Artikelbeoordelingen: gebruikt u artikelbeoordelingen dan geeft deze instelling aan of aan de klant standaard uitnodigingen voor artikelbeoordelingen mogen worden gestuurd. U kunt deze optie per factuur uitschakelen.
Facturen exporteren naar UBL: geeft aan of de inhoud van de verkoopfacturen voor deze klant ook als UBL-bestand moet worden aangeleverd. Het UBL-bestand wordt dan als bijlage bij de e-mail met de factuur gevoegd.
Facturen versturen via Auto-XS: selecteer deze optie om verkoopfacturen te kunnen versturen via Auto-XS naar de geselecteerde klant. Er verschijnt dan een apart kader waarin u de bijbehorende Auto-XS instellingen voor de klant vastlegt.
Lidnummer: het lidnummer van de klant binnen het Auto-XS systeem. Dit lidnummer wordt gebruikt om de ontvanger mee aan te duiden in de factuur-exportbestanden aan deze klant.
Exporteren via FTP: geeft aan of de exportbestanden die voor deze klant worden aangemaakt met een FTP-connectie naar de klant moeten worden verzonden. Activeert u deze optie, dan legt u vervolgens de gegevens van de FTP-verbinding vast. Klik na het invullen van deze gegevens op Test connectie met FTP server
om te controleren of er verbinding kan worden gemaakt. De FTP-gegevens worden groen wanneer er een FTP-verbinding kan worden gemaakt. Lukt dit niet, dan worden de gegevens rood; controleer in dat geval de ingevoerde gegevens.
Hier geeft u aan of voor de betreffende klant verzamelfacturen mogen worden gemaakt, dit zijn facturen waarop meerdere verzendbonnen, reparatiebonnen of servicecontracten zijn gefactureerd.

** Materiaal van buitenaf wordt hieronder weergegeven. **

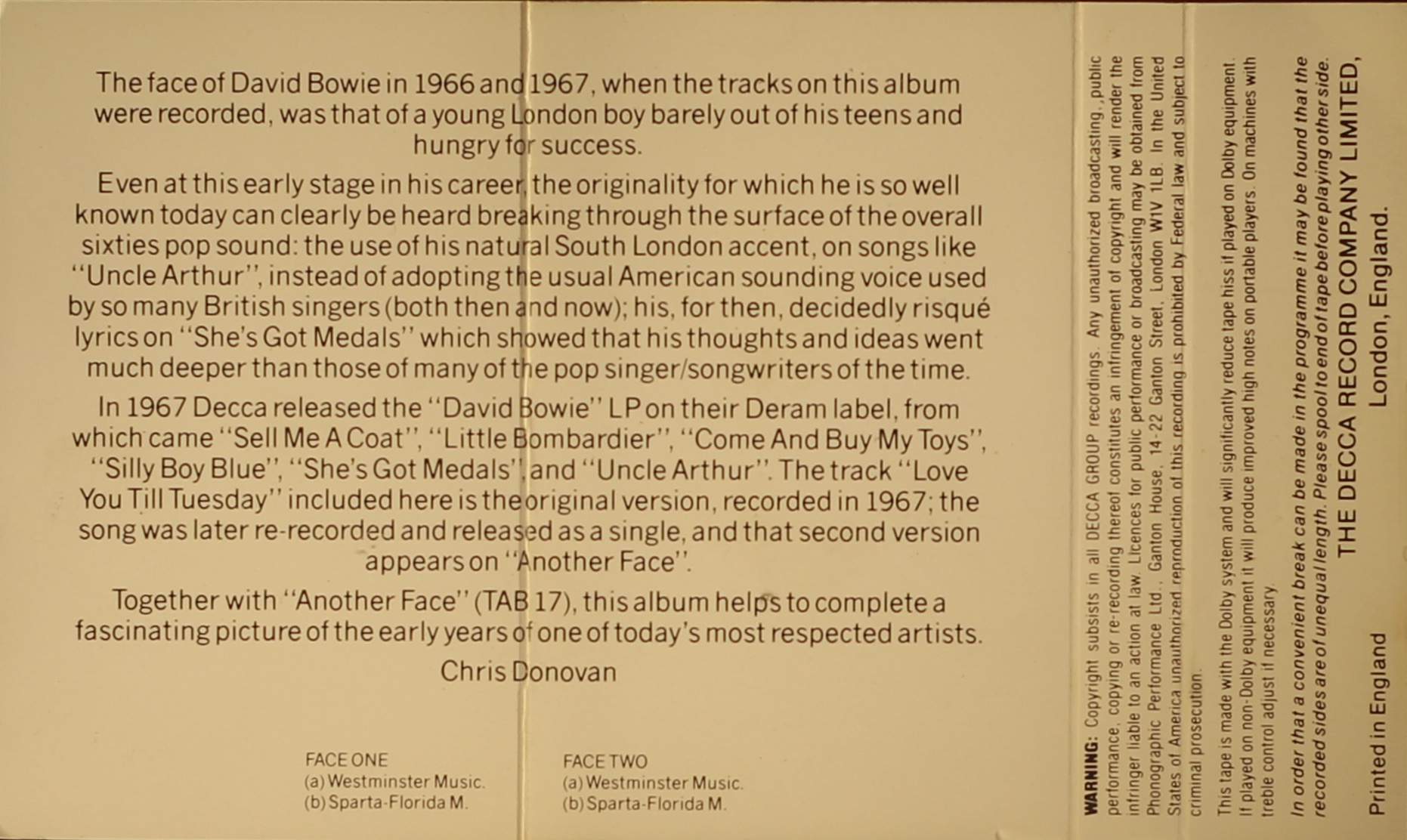 A Second Face: UK; Decca, KTBC 71; 1983.
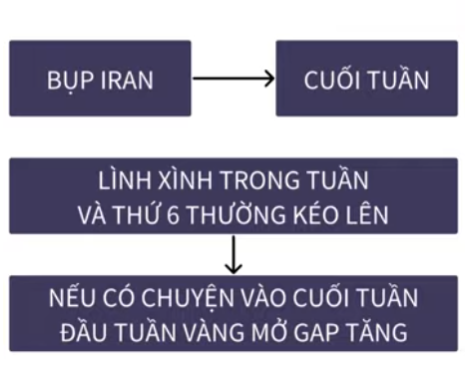 Nhưng nếu leo thang, đáp trả qua lại, mở rộng xung đột → kỳ vọng còn → vàng tiếp tục đi lên

Voor verzendbonnen kunt u ook aparte facturen laten aanmaken per afleveradres.
De instellingen voor verzamelfacturen worden alleen gebruikt in het onderdeel automatisch factureren.
Alle bonsoorten op dezelfde factuur: geeft aan of alle bonsoorten (verzendbonnen, reparatiebonnen en servicecontracten) op één en dezelfde nieuwe factuur moeten worden geplaatst. Laat u dit selectievakje uitstaan, dan wordt per bonsoort één aparte factuur aangemaakt.
Verschillende klanten op dezelfde factuur: deze optie is alleen van toepassing wanneer de klant dienst doet als factuuradres voor verzendbonnen, reparatiebonnen en/of servicecontracten van andere klanten via een bedrijfssoort. Deze optie geeft dan aan of de bonnen van deze andere klanten samen op één en dezelfde factuur mogen worden geplaatst. Schakelt u deze optie uit, dan wordt voor de bonnen van iedere klant een aparte factuur aangemaakt (maar wel met hetzelfde factuuradres).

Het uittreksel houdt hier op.